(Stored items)
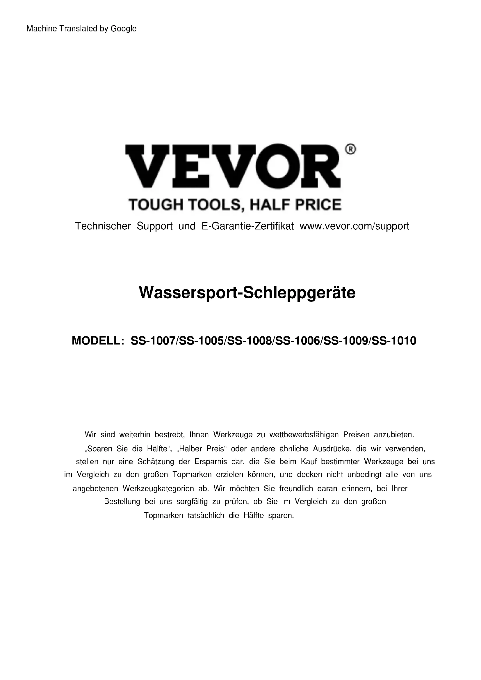 Assistancetechniqueetcertificatdegarantieélectronique www.vevor.com/support TOUTESLESINSTANCESDERISQUEOUDEDANGER.VEUILLEZFAIREPREUVEDEBONSENSET REPRÉSENTANTDUROYAUMEUNI REPRÉSENTANTDELACE Machine Translated by GoogleMODELL: SS-1007/SS-1005/SS-1008/SS-1006/SS-1009/SS-1010 „Sparen Sie die Hälfte“, „Halber Preis“ oder andere ähnliche Ausdrücke, die wir verwenden, stellen nur eine Schätzung der Ersparnis dar, die Sie beim Kauf bestimmter Werkzeuge bei uns im Vergleich zu den großen Topmarken erzielen können, und decken nicht unbedingt alle von uns angebotenen Werkzeugkategorien ab. Wir möchten Sie freundlich daran erinnern, bei Ihrer Bestellung bei uns sorgfältig zu prüfen, ob Sie im Vergleich zu den großen Topmarken tatsächlich die Hälfte sparen. Wir sind weiterhin bestrebt, Ihnen Werkzeuge zu wettbewerbsfähigen Preisen anzubieten. Wassersport-Schleppgeräte Technischer Support und E-Garantie-Zertifikat www.vevor.com/support Machine Translated by GoogleTechnischer Support und E-Garantie-Zertifikat www.vevor.com/support
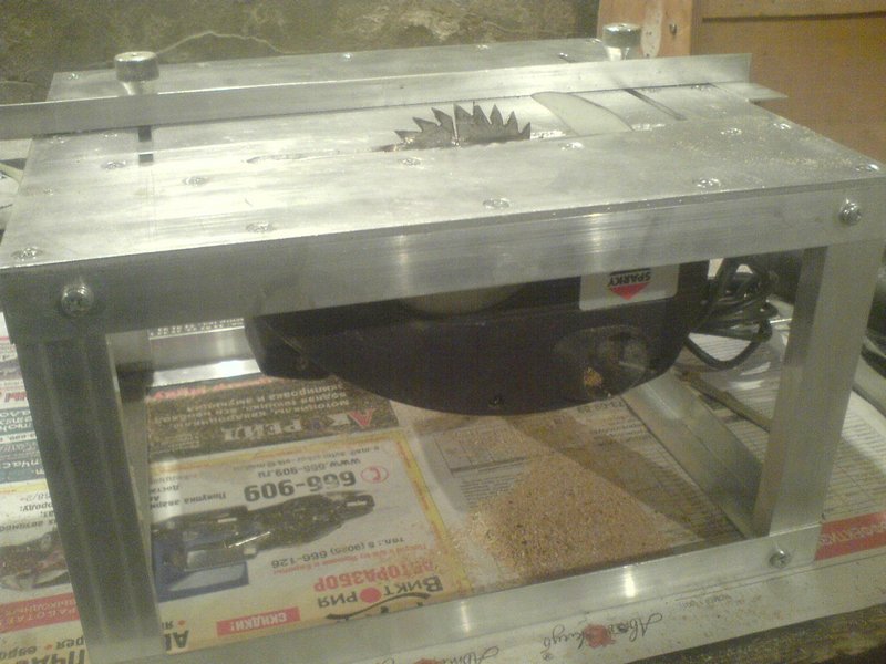 Столик сделан на заказ, материал- дюраль, уголок тоже дюраль. Надо сказать, что она достаточно лёгкая. В общем вот фото: Уже испытана. Пилил рейку,брусок.
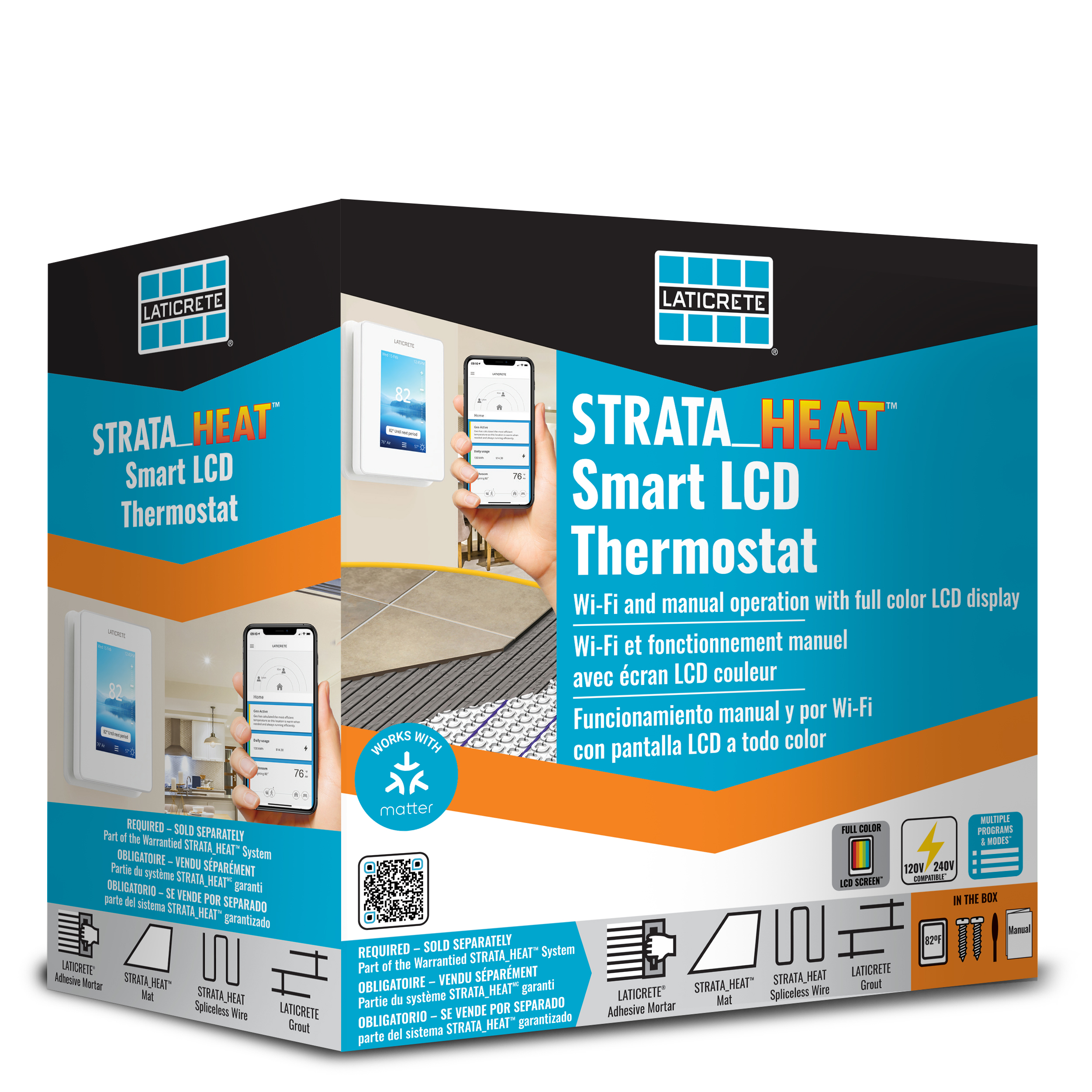 The STRATA_HEAT™ Smart LCD Thermostat is dual voltage 120V/240V Wi-Fi controlled touch screen radiant heat thermostat that is both easy to install and to use. It features a capacitive, full-color touch screen that provides an experience to your smart device of choice. A full cycle of programming that can be done directly through the radiant heat thermostat or through the MY STRATA_HEAT APP.
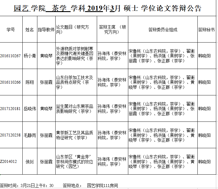 园艺 学院 茶学 学科 2019年3月 硕士 学位论文答辩公告
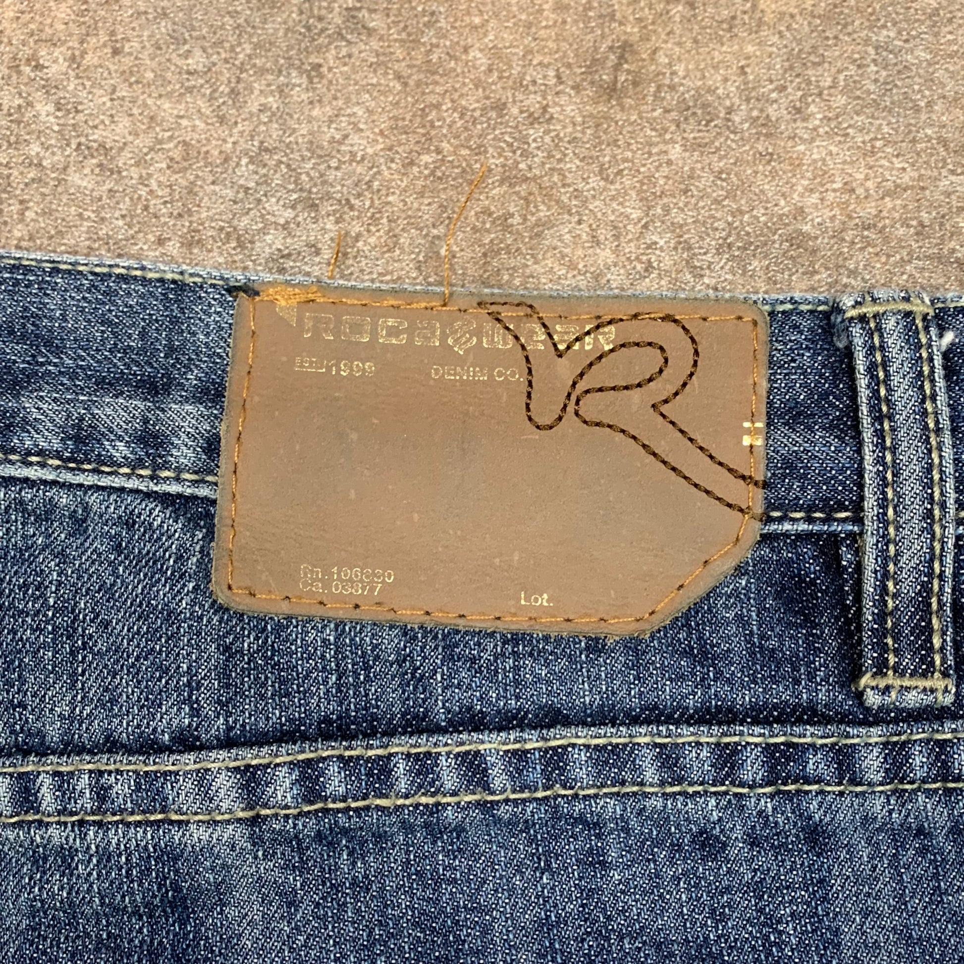 Vintage Rocawear jeans with an embroidered graphic on the back right pocket and inside the front right pocket, coloured blue all over, baggy fit & in excellent second hand condition with little to no wear.
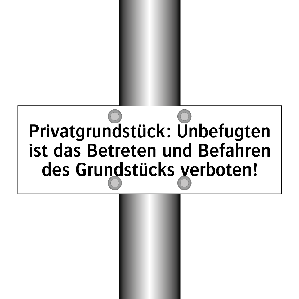 Verbotsschild mit dem Text Privatgrundstück: Unbefugten ist das Betreten und Befahren des Grundstücks verboten!

> [How to complete this task] Leave out the pictures and reproduce the rest of the records exactly.

> [Output]
 Assistancetechniqueetcertificatdegarantieélectronique www.vevor.com/support TOUTESLESINSTANCESDERISQUEOUDEDANGER.VEUILLEZFAIREPREUVEDEBONSENSET REPRÉSENTANTDUROYAUMEUNI REPRÉSENTANTDELACE Machine Translated by GoogleMODELL: SS-1007/SS-1005/SS-1008/SS-1006/SS-1009/SS-1010 „Sparen Sie die Hälfte“, „Halber Preis“ oder andere ähnliche Ausdrücke, die wir verwenden, stellen nur eine Schätzung der Ersparnis dar, die Sie beim Kauf bestimmter Werkzeuge bei uns im Vergleich zu den großen Topmarken erzielen können, und decken nicht unbedingt alle von uns angebotenen Werkzeugkategorien ab. Wir möchten Sie freundlich daran erinnern, bei Ihrer Bestellung bei uns sorgfältig zu prüfen, ob Sie im Vergleich zu den großen Topmarken tatsächlich die Hälfte sparen. Wir sind weiterhin bestrebt, Ihnen Werkzeuge zu wettbewerbsfähigen Preisen anzubieten. Wassersport-Schleppgeräte Technischer Support und E-Garantie-Zertifikat www.vevor.com/support Machine Translated by GoogleTechnischer Support und E-Garantie-Zertifikat www.vevor.com/support
 Столик сделан на заказ, материал- дюраль, уголок тоже дюраль. Надо сказать, что она достаточно лёгкая. В общем вот фото: Уже испытана. Пилил рейку,брусок.
 The STRATA_HEAT™ Smart LCD Thermostat is dual voltage 120V/240V Wi-Fi controlled touch screen radiant heat thermostat that is both easy to install and to use. It features a capacitive, full-color touch screen that provides an experience to your smart device of choice. A full cycle of programming that can be done directly through the radiant heat thermostat or through the MY STRATA_HEAT APP.
 园艺 学院 茶学 学科 2019年3月 硕士 学位论文答辩公告
 Vintage Rocawear jeans with an embroidered graphic on the back right pocket and inside the front right pocket, coloured blue all over, baggy fit & in excellent second hand condition with little to no wear.
 Verbotsschild mit dem Text Privatgrundstück: Unbefugten ist das Betreten und Befahren des Grundstücks verboten!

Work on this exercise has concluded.